Every entry below should be repeated exactly; the pictures should not.

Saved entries
[Start of Attachment]

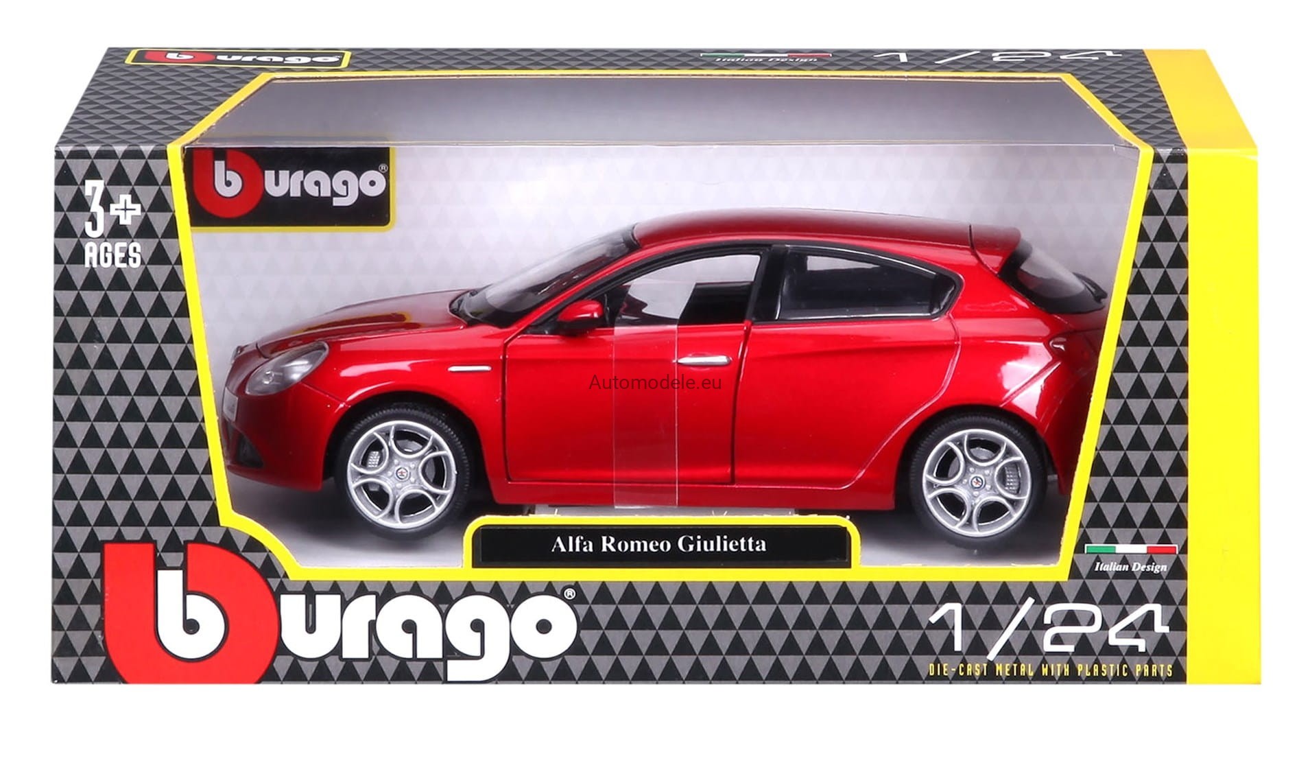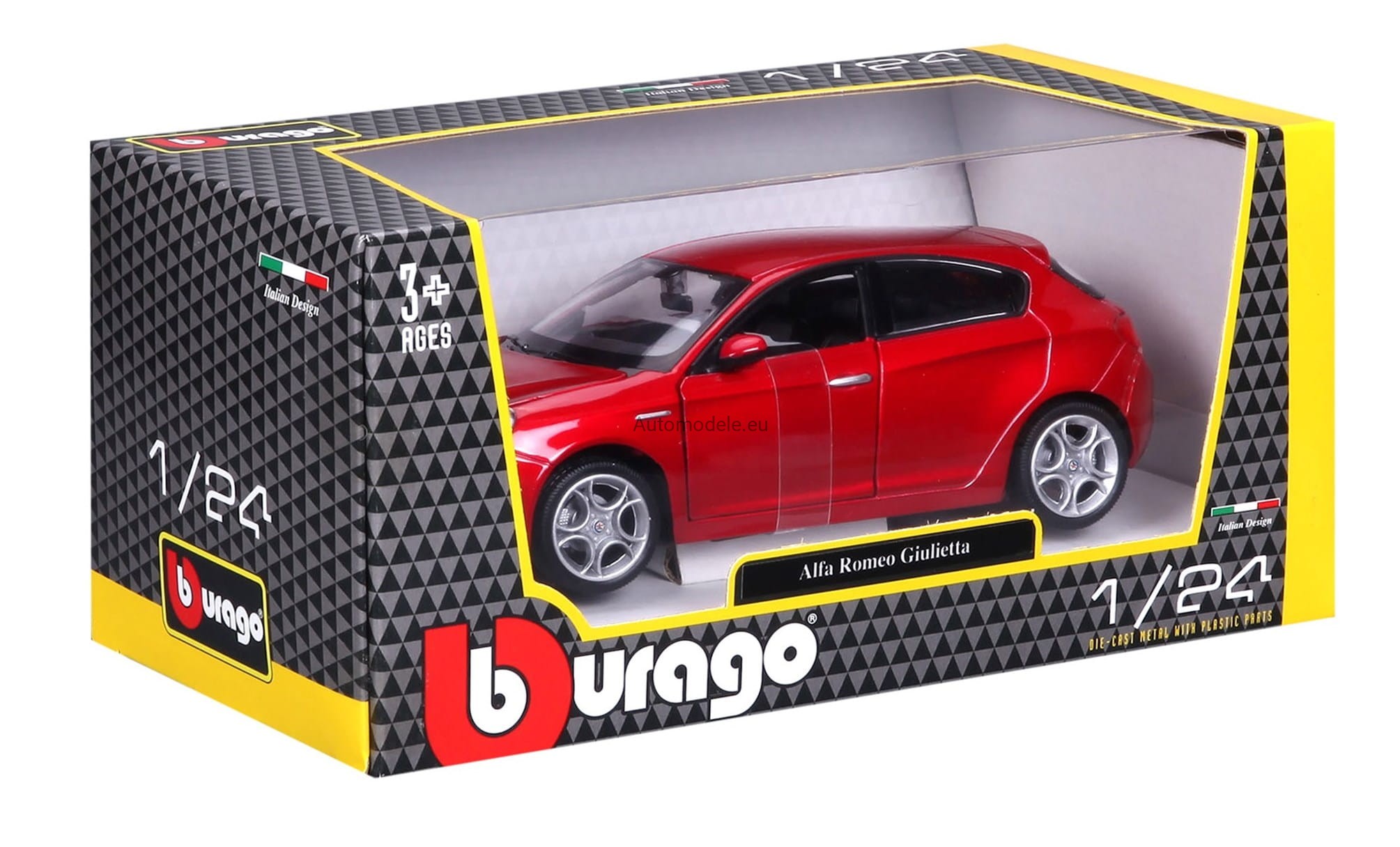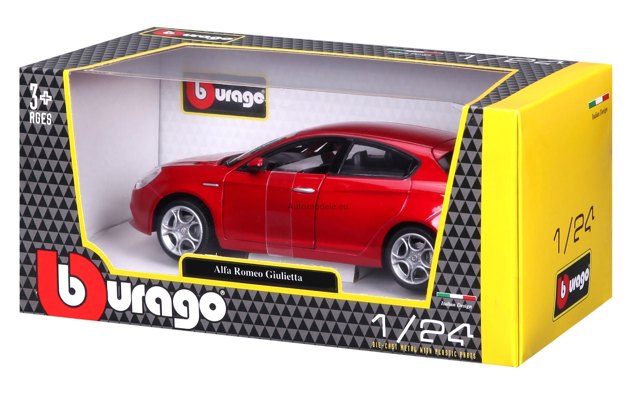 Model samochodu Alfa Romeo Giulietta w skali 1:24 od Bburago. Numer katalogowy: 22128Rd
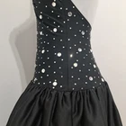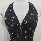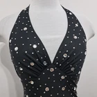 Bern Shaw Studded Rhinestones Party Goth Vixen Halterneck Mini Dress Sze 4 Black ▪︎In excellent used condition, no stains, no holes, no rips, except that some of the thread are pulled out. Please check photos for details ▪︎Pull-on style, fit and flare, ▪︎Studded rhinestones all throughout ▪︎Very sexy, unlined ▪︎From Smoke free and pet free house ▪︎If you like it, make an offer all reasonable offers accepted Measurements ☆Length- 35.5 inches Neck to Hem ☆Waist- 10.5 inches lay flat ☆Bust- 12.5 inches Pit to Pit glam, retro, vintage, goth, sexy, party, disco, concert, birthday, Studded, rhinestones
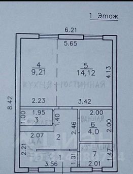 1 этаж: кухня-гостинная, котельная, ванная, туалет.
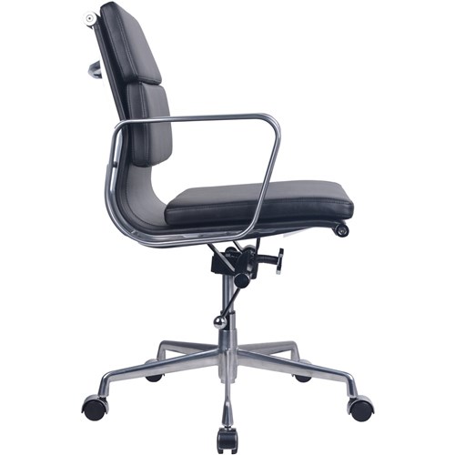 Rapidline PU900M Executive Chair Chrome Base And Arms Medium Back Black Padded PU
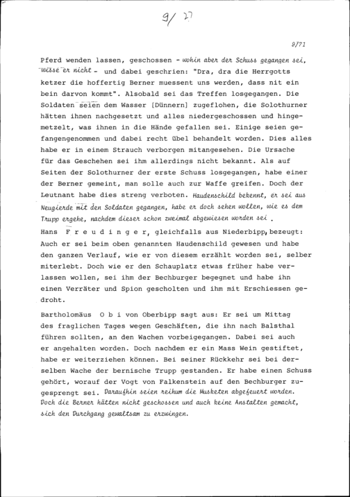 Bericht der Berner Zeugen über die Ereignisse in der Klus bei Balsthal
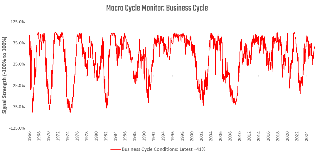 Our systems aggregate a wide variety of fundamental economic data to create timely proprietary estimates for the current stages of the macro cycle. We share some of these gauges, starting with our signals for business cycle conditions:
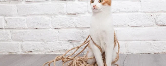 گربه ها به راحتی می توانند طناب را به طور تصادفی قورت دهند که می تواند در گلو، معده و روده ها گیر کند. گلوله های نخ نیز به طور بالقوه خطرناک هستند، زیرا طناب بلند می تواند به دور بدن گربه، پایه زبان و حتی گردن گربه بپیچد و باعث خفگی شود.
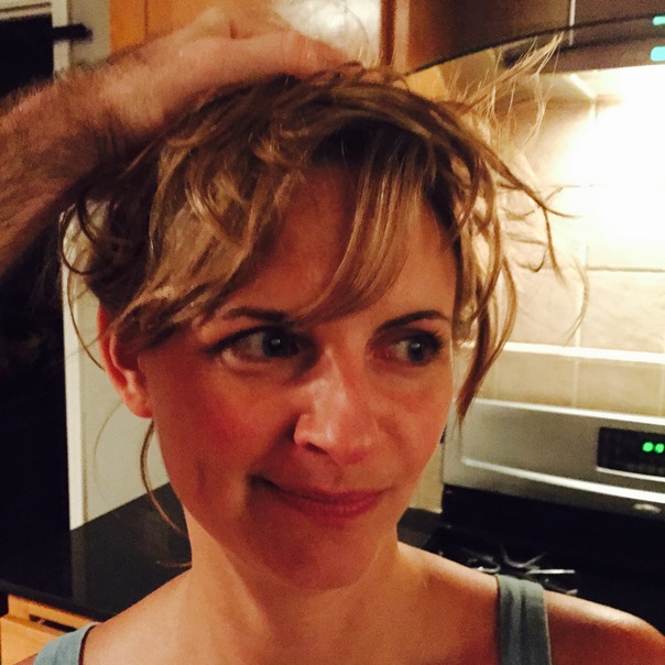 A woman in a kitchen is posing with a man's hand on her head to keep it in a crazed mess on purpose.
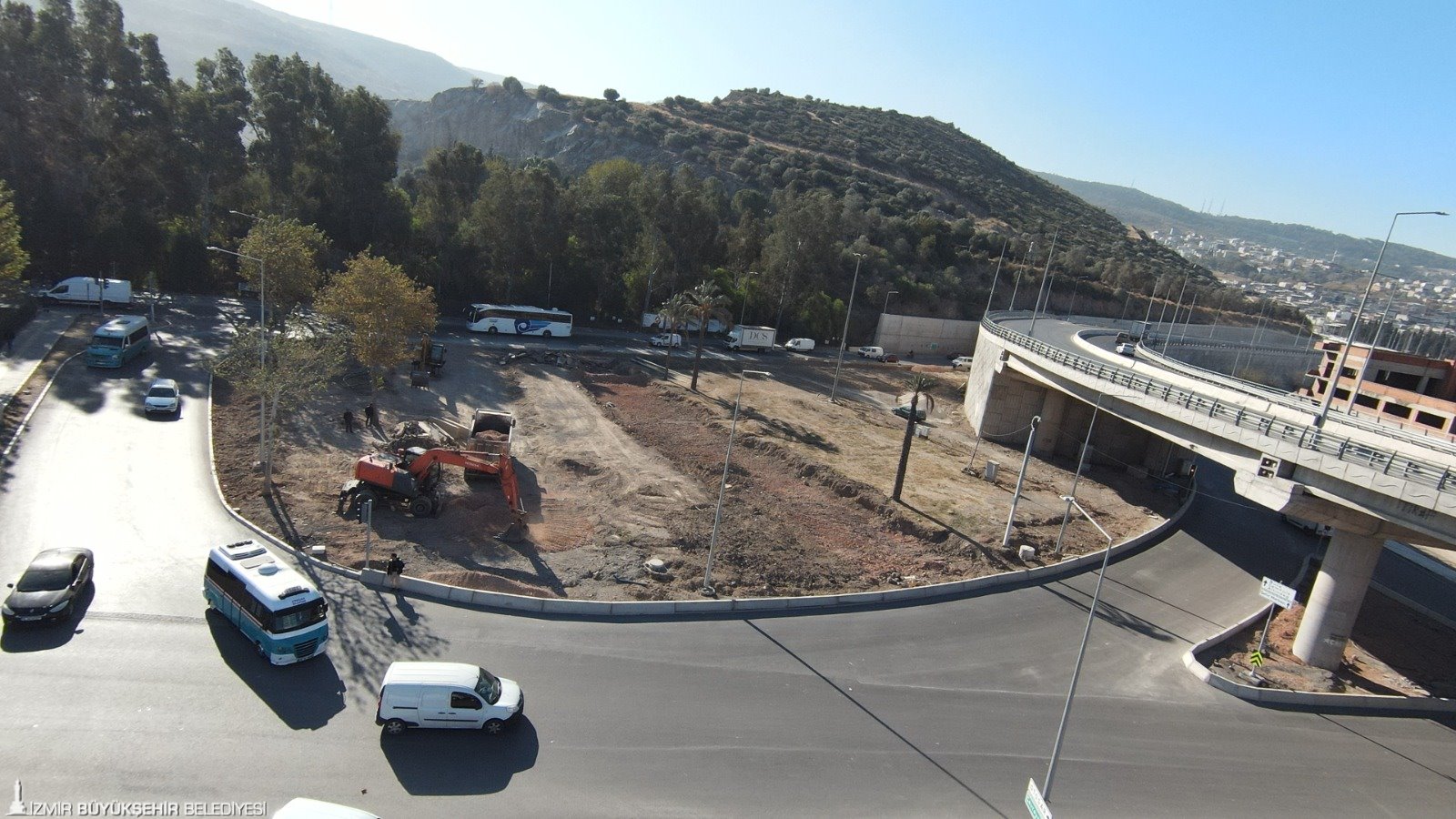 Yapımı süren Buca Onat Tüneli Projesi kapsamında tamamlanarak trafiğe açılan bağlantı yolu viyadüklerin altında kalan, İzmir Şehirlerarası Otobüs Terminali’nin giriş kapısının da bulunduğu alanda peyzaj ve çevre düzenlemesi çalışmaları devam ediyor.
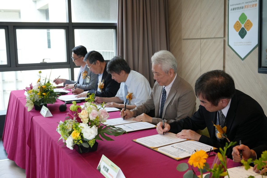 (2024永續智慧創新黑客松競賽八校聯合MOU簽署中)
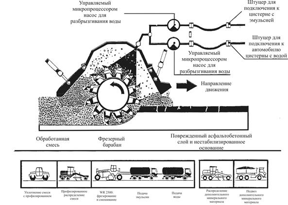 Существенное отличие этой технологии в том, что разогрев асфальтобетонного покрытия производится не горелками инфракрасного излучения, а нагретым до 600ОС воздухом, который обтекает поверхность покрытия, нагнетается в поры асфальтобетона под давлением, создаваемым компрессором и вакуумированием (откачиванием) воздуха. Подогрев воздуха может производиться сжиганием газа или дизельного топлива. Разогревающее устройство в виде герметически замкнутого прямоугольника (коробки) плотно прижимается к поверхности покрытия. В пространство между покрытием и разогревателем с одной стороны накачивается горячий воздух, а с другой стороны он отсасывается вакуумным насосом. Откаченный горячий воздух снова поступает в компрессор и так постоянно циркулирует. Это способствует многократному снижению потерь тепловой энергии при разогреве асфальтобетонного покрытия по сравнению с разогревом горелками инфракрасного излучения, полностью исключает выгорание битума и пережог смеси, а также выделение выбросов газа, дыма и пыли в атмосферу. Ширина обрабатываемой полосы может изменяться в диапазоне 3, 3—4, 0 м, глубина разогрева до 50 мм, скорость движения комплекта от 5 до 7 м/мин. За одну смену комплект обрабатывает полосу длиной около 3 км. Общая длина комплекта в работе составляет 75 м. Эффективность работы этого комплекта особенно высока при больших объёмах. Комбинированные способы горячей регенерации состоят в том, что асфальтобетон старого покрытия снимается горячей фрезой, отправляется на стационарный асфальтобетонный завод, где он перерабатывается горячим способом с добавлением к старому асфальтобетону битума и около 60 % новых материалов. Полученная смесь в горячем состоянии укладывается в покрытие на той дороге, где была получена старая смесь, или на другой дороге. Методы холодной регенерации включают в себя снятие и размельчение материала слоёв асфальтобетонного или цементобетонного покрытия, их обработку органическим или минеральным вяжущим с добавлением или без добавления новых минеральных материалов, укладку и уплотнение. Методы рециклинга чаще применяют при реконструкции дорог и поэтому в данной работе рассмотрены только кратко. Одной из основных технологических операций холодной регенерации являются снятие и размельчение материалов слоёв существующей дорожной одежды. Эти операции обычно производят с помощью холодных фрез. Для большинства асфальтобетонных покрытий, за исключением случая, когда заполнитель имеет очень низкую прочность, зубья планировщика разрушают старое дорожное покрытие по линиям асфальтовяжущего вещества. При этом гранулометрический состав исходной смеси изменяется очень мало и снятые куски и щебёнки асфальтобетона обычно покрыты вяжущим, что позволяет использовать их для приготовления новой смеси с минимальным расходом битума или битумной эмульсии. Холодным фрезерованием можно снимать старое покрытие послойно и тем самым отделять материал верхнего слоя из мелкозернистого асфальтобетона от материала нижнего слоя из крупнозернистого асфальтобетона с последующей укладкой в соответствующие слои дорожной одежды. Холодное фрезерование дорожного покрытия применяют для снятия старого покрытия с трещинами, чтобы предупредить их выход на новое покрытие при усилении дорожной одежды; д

[End of Attachment]

(SOLUTION TO THIS TASK):
 Model samochodu Alfa Romeo Giulietta w skali 1:24 od Bburago. Numer katalogowy: 22128Rd
 Bern Shaw Studded Rhinestones Party Goth Vixen Halterneck Mini Dress Sze 4 Black ▪︎In excellent used condition, no stains, no holes, no rips, except that some of the thread are pulled out. Please check photos for details ▪︎Pull-on style, fit and flare, ▪︎Studded rhinestones all throughout ▪︎Very sexy, unlined ▪︎From Smoke free and pet free house ▪︎If you like it, make an offer all reasonable offers accepted Measurements ☆Length- 35.5 inches Neck to Hem ☆Waist- 10.5 inches lay flat ☆Bust- 12.5 inches Pit to Pit glam, retro, vintage, goth, sexy, party, disco, concert, birthday, Studded, rhinestones
 1 этаж: кухня-гостинная, котельная, ванная, туалет.
 Rapidline PU900M Executive Chair Chrome Base And Arms Medium Back Black Padded PU
 Bericht der Berner Zeugen über die Ereignisse in der Klus bei Balsthal
 Our systems aggregate a wide variety of fundamental economic data to create timely proprietary estimates for the current stages of the macro cycle. We share some of these gauges, starting with our signals for business cycle conditions:
 گربه ها به راحتی می توانند طناب را به طور تصادفی قورت دهند که می تواند در گلو، معده و روده ها گیر کند. گلوله های نخ نیز به طور بالقوه خطرناک هستند، زیرا طناب بلند می تواند به دور بدن گربه، پایه زبان و حتی گردن گربه بپیچد و باعث خفگی شود.
 A woman in a kitchen is posing with a man's hand on her head to keep it in a crazed mess on purpose.
 Yapımı süren Buca Onat Tüneli Projesi kapsamında tamamlanarak trafiğe açılan bağlantı yolu viyadüklerin altında kalan, İzmir Şehirlerarası Otobüs Terminali’nin giriş kapısının da bulunduğu alanda peyzaj ve çevre düzenlemesi çalışmaları devam ediyor.
 (2024永續智慧創新黑客松競賽八校聯合MOU簽署中)
 Существенное отличие этой технологии в том, что разогрев асфальтобетонного покрытия производится не горелками инфракрасного излучения, а нагретым до 600ОС воздухом, который обтекает поверхность покрытия, нагнетается в поры асфальтобетона под давлением, создаваемым компрессором и вакуумированием (откачиванием) воздуха. Подогрев воздуха может производиться сжиганием газа или дизельного топлива. Разогревающее устройство в виде герметически замкнутого прямоугольника (коробки) плотно прижимается к поверхности покрытия. В пространство между покрытием и разогревателем с одной стороны накачивается горячий воздух, а с другой стороны он отсасывается вакуумным насосом. Откаченный горячий воздух снова поступает в компрессор и так постоянно циркулирует. Это способствует многократному снижению потерь тепловой энергии при разогреве асфальтобетонного покрытия по сравнению с разогревом горелками инфракрасного излучения, полностью исключает выгорание битума и пережог смеси, а также выделение выбросов газа, дыма и пыли в атмосферу. Ширина обрабатываемой полосы может изменяться в диапазоне 3, 3—4, 0 м, глубина разогрева до 50 мм, скорость движения комплекта от 5 до 7 м/мин. За одну смену комплект обрабатывает полосу длиной около 3 км. Общая длина комплекта в работе составляет 75 м. Эффективность работы этого комплекта особенно высока при больших объёмах. Комбинированные способы горячей регенерации состоят в том, что асфальтобетон старого покрытия снимается горячей фрезой, отправляется на стационарный асфальтобетонный завод, где он перерабатывается горячим способом с добавлением к старому асфальтобетону битума и около 60 % новых материалов. Полученная смесь в горячем состоянии укладывается в покрытие на той дороге, где была получена старая смесь, или на другой дороге. Методы холодной регенерации включают в себя снятие и размельчение материала слоёв асфальтобетонного или цементобетонного покрытия, их обработку органическим или минеральным вяжущим с добавлением или без добавления новых минеральных материалов, укладку и уплотнение. Методы рециклинга чаще применяют при реконструкции дорог и поэтому в данной работе рассмотрены только кратко. Одной из основных технологических операций холодной регенерации являются снятие и размельчение материалов слоёв существующей дорожной одежды. Эти операции обычно производят с помощью холодных фрез. Для большинства асфальтобетонных покрытий, за исключением случая, когда заполнитель имеет очень низкую прочность, зубья планировщика разрушают старое дорожное покрытие по линиям асфальтовяжущего вещества. При этом гранулометрический состав исходной смеси изменяется очень мало и снятые куски и щебёнки асфальтобетона обычно покрыты вяжущим, что позволяет использовать их для приготовления новой смеси с минимальным расходом битума или битумной эмульсии. Холодным фрезерованием можно снимать старое покрытие послойно и тем самым отделять материал верхнего слоя из мелкозернистого асфальтобетона от материала нижнего слоя из крупнозернистого асфальтобетона с последующей укладкой в соответствующие слои дорожной одежды. Холодное фрезерование дорожного покрытия применяют для снятия старого покрытия с трещинами, чтобы предупредить их выход на новое покрытие при усилении дорожной одежды; д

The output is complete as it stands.